:: Task to carry out ::
Starting at the line with "These bows are" and going on through the line with "Gönguleiðin, rauðir deplar", reproduce each line in the records below exactly and nothing more.

:: Provided data ::
╔══
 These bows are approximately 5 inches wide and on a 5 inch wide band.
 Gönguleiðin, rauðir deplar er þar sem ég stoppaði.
╚══
╔══
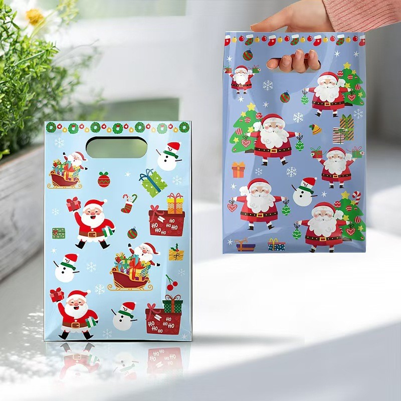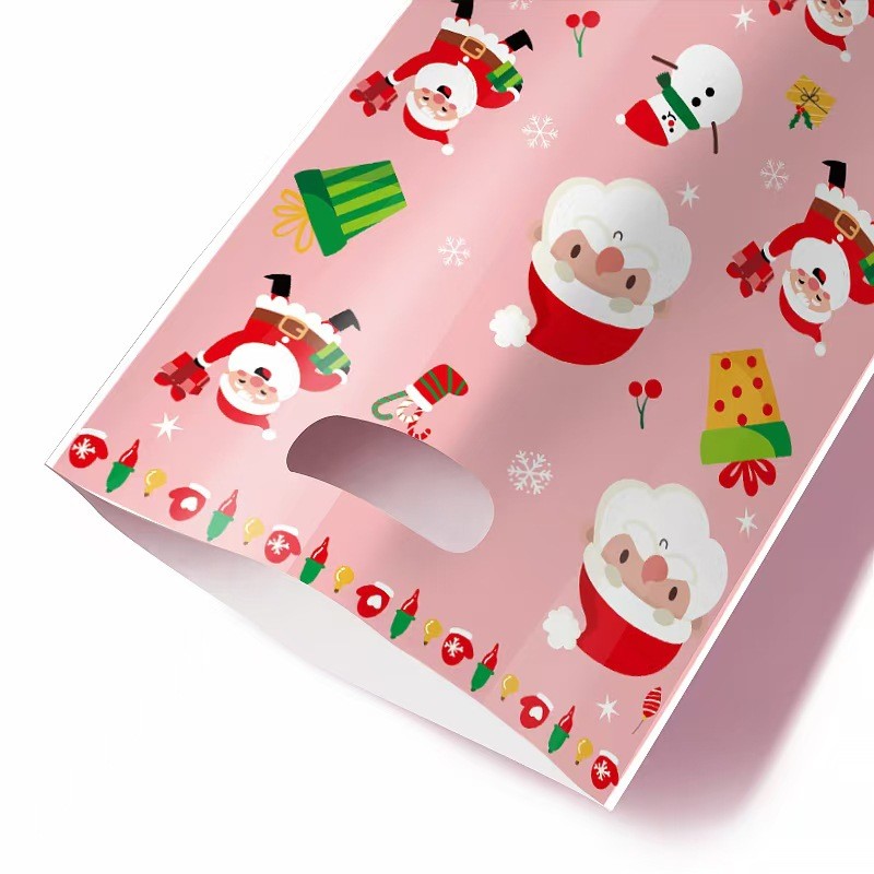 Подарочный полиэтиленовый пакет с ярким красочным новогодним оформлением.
╚══
╔══
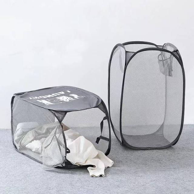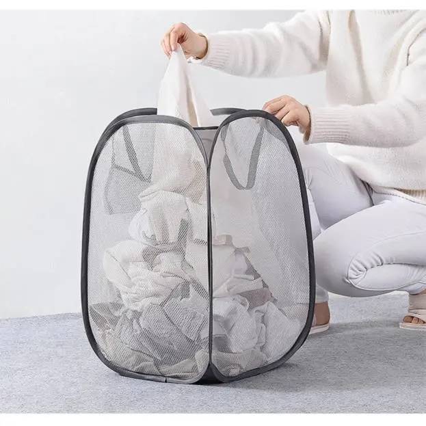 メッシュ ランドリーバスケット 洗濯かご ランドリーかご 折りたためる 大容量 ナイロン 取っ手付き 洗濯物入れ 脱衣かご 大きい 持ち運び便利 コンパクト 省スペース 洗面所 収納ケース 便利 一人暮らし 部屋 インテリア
╚══
:: Result below ::
 These bows are approximately 5 inches wide and on a 5 inch wide band.
 Gönguleiðin, rauðir deplar er þar sem ég stoppaði.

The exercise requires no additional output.